The iron pot was flipped over—by the police? By the protesters?—and hot beans dripped onto the wet slushy pavement, onto her boots and the police boots and the battered footwear of the strikers. There was nowhere for her to run, nowhere to move. No one was going to part the red irate crowd for her so she could run to safety through the alleys.
Someone grabbed her arm from behind, yanked her sideways. She spun around. It was Harry.
She started to cry.
“What are you doing?” he shouted because she wouldn’t have heard him otherwise, although he was standing in front of her. “What the hell are you doing here? I told you . . .”
“I want to go home!”
“Gina! God, why did you come here?” They were surrounded on all sides. The tent was shaking on its supports, any minute it was going to come down. He pulled her close for the briefest of moments, then yelled to her to crawl under the table. She saw Angela thirty heads away getting trampled, screaming, shoving, slapping somebody, in desperate trouble herself.
“Harry, look, Angela . . .”
“Can’t help her now,” he said, pulling Gina under the table.
“Angela!” Gina shouted, hoarse, out of breath. Angela didn’t hear.
Big Bill reappeared with great force. He pu
shed his way past the sticks of the police and confronted Harry. “Come with me,” he yelled, grabbing Harry’s arm. “We need your help.”
“I can’t, Bill,” Harry shouted back, pulling away. “My wife.”
Bill didn’t even glance at Gina. “She’ll be fine. She’s safer than the rest of us. Come quick. Vandalism in the grocery store—the coppers are about to arrest Arturo. I need your silver tongue. Come! Quick.”
Harry stared desperately at Gina. “Go, Harry,” she said. “Go with Bill. Go help Angie.”
“I’ll be right back,” he said—and was swallowed up by Big Bill and the mob.
Under the table she curled into a ball, covered her head and closed her eyes. She lay on the dead January grass in a fetal position, facing away from the mob, facing toward the church, praying it would help, that anything would. A gaggle of people caught in the clash barreled in under the table after her. The narrow table was knocked over, the legs broke apart, it fell on their heads, on Gina’s. There was only screaming.
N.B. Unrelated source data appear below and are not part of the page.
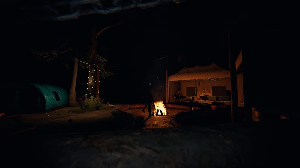 Apocalypse, najnowsza aktualizacja do Phasmophobii – screen z gry, mapa Camp Woodwind, ognisko, kemping, duch, polowanie, światełka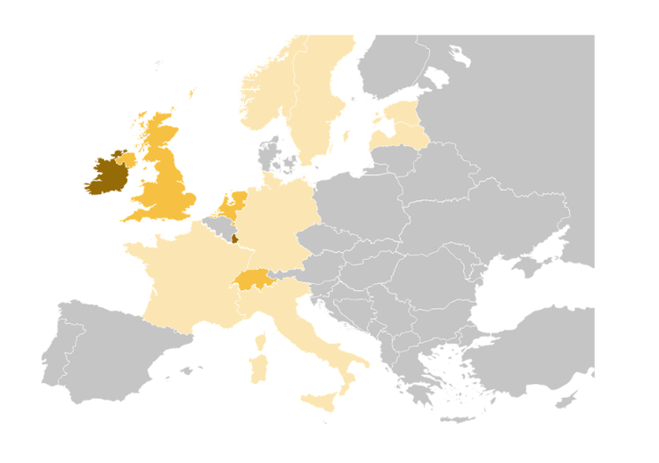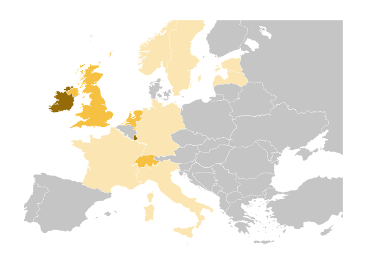 Key: Light - investments Yellow - office & investments Dark - fund domicile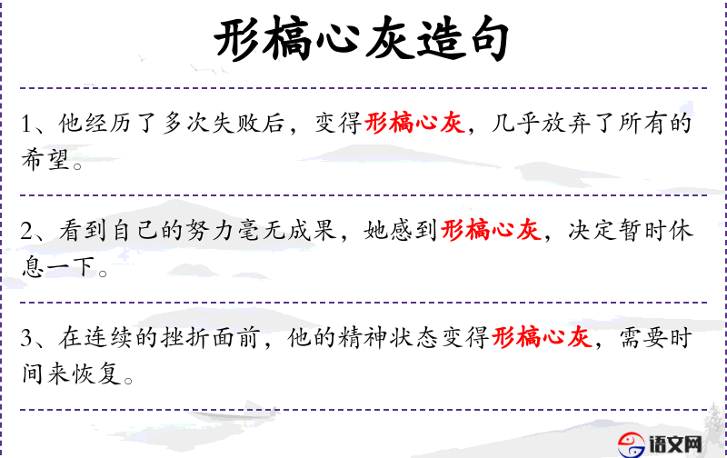- 形槁心灰:形容人因长期的精神压力而变得憔悴和沮丧。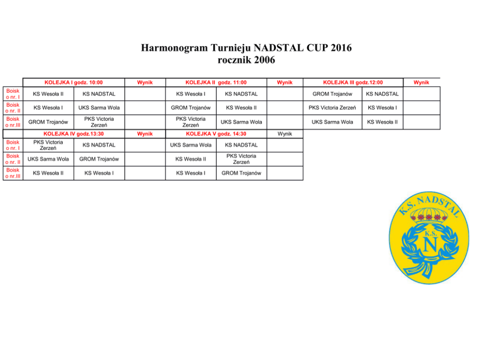 Harmonogram Turnieju NADSTAL CUP 2016 rocznik 2006 KOLEJKA I godz. 10:00 Boisk o nr. I Boisk o nr. II Boisk o nr.III Boisk o nr.III KOLEJKA II godz. 11:00 Wynik KOLEJKA III godz.12:00 KS Wesoła II KS NADSTAL KS Wesoła I KS NADSTAL GROM Trojanów KS NADSTAL KS Wesoła I UKS Sarma Wola GROM Trojanów KS Wesoła II PKS Victoria Zerzeń KS Wesoła I GROM Trojanów PKS Victoria Zerzeń PKS Victoria Zerzeń UKS Sarma Wola UKS Sarma Wola KS Wesoła II KOLEJKA IV godz.13:30 Boisk o nr. I Boisk o nr. II Wynik Wynik KOLEJKA V godz. 14:30 PKS Victoria Zerzeń KS NADSTAL UKS Sarma Wola KS NADSTAL UKS Sarma Wola GROM Trojanów KS Wesoła II PKS Victoria Zerzeń KS Wesoła II KS Wesoła I KS Wesoła I GROM Trojanów Wynik Wynik
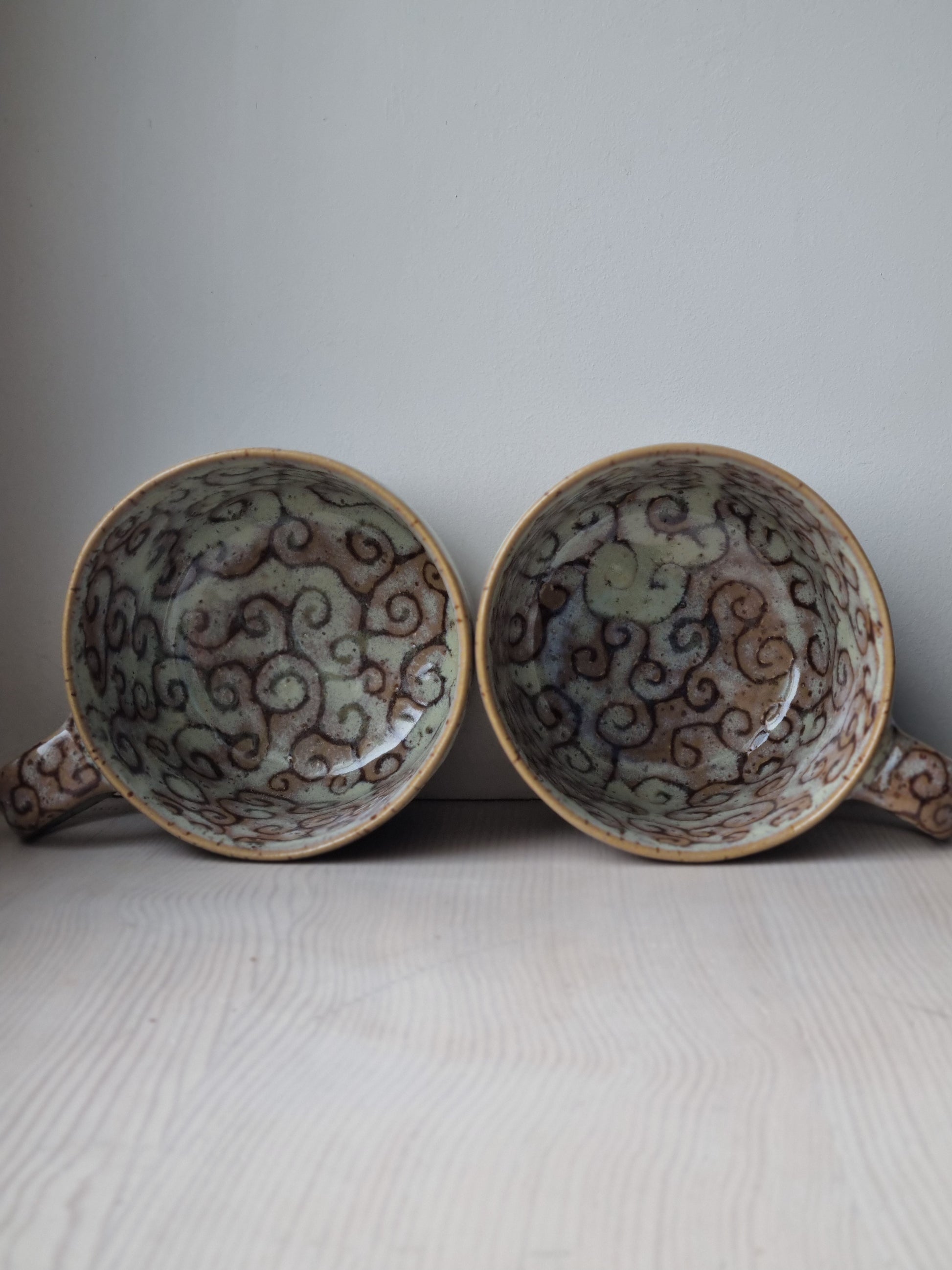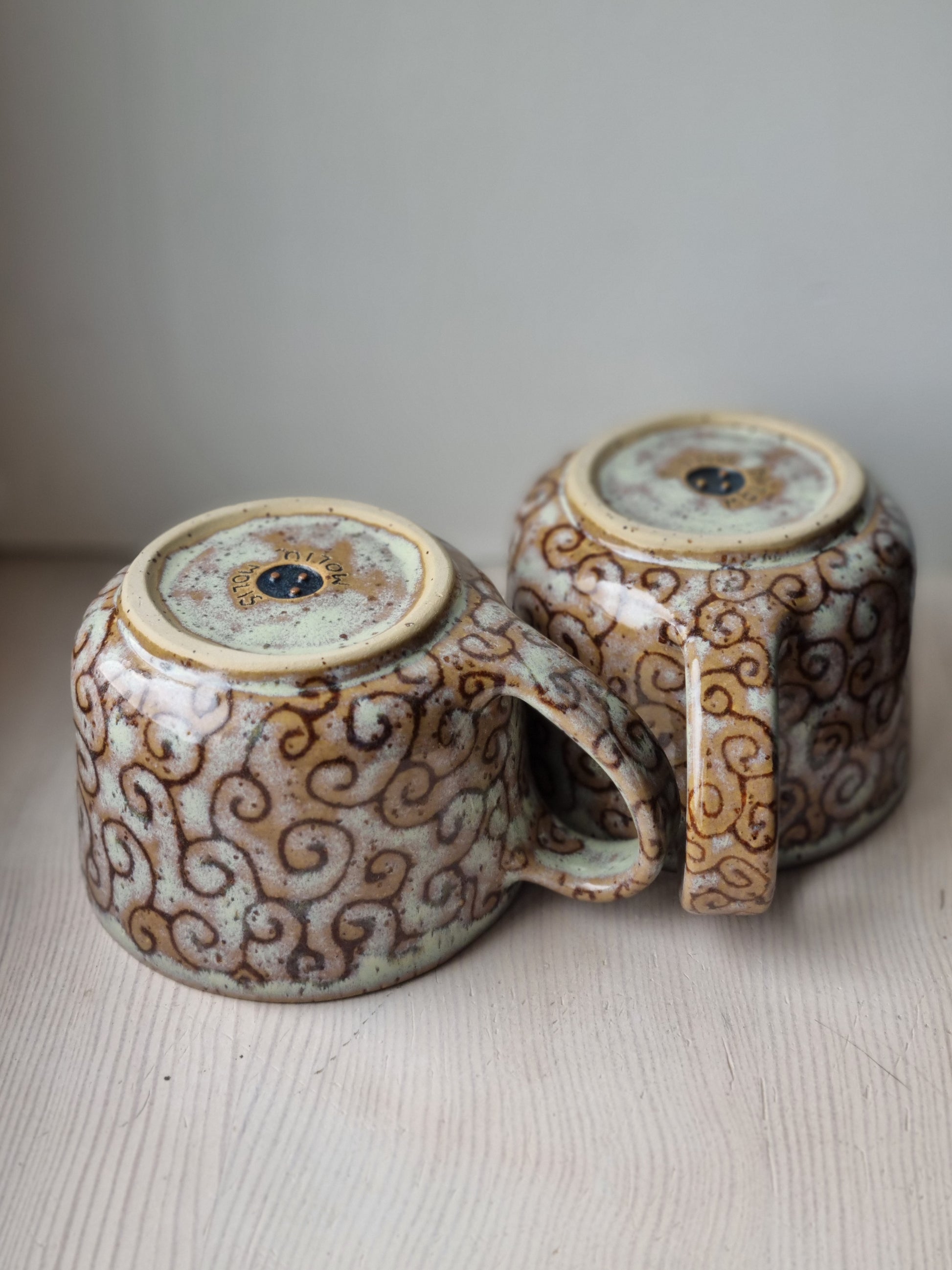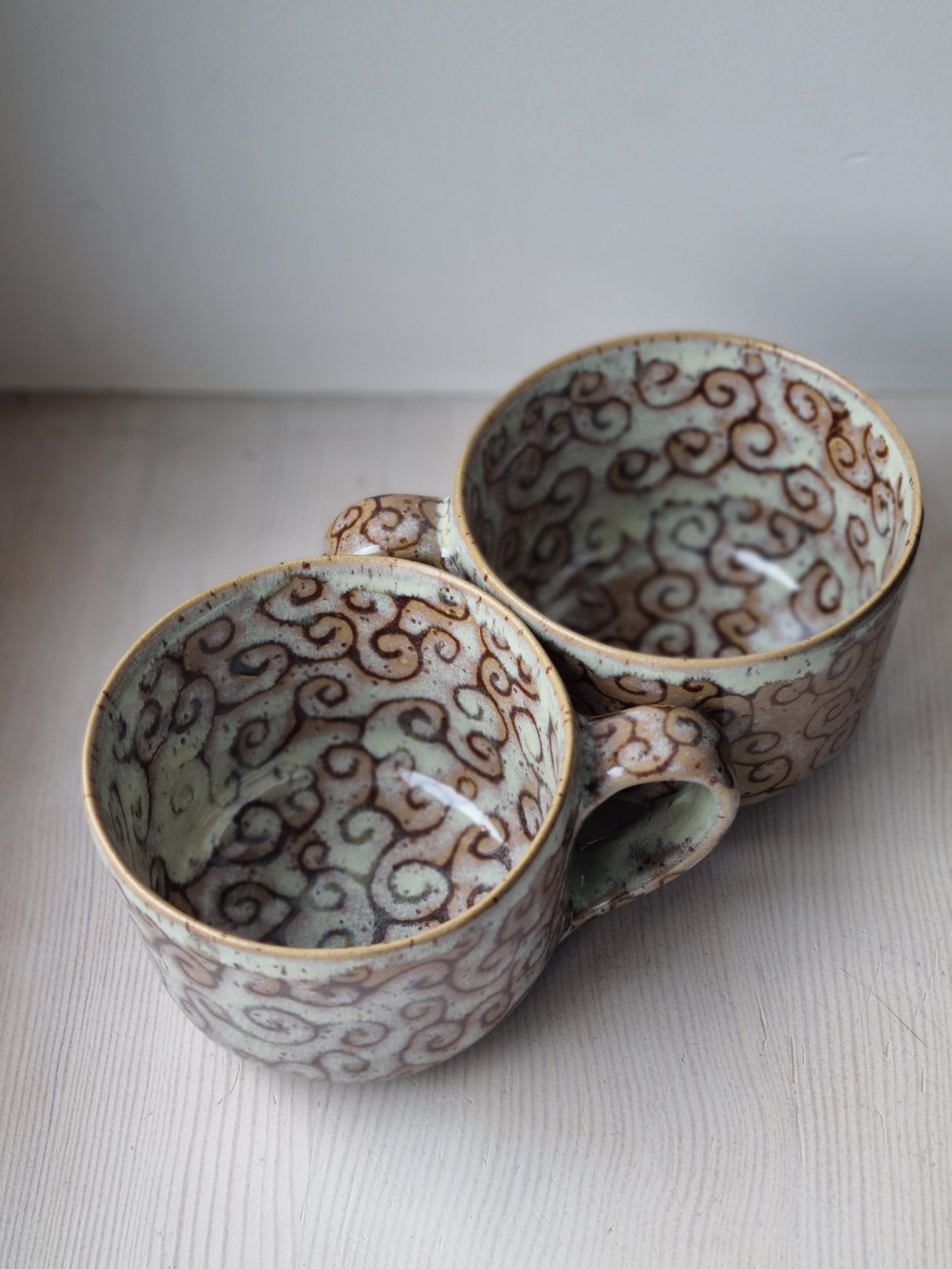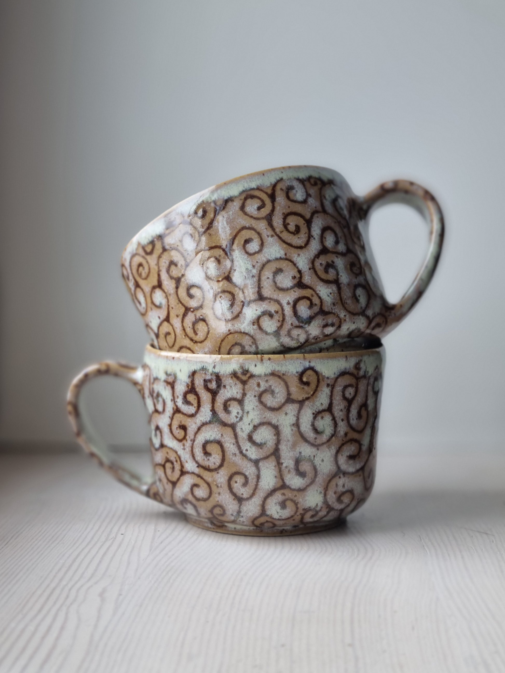 Lyg speigo raštų išmargintas puodelis iš rudo taškuoto molio.

Behind her there was the sound of assault, fists meeting faces, sticks meeting bodies, black panic, wild confusion. She imagined Milan, long ago, her revered brother Alessandro, hotheaded, impulsive, mule-stubborn, beautiful, dead, vile unrest, horses, policemen, stampede, a knife flying out, a life snuffed out, one life, then another. For who could live bearing the weight of your child’s last moment. Her father couldn’t.
Popping sounds. Shots? Everybody really screamed. She kept her head covered. More firecracker noise, perhaps return fire? Gina squeezed shut her eyes. Harry, Harry, come back to me, please. Legs, boots, feet, bottoms of coats whooshing by, people falling. She was shoved hard in the back by someone trying to get up, someone else stepped on her ankle trying to get away. Still in a fetal position, she put one hand on her head and the other on her stomach to protect the fragile life barely forming. Another boot landed on her head, on her knuckles. Man, woman? She couldn’t even stand up in her blind terror.
“Get your fucking head off the ground, lady! Or you’ll get your skull bashed in! Get off the ground!”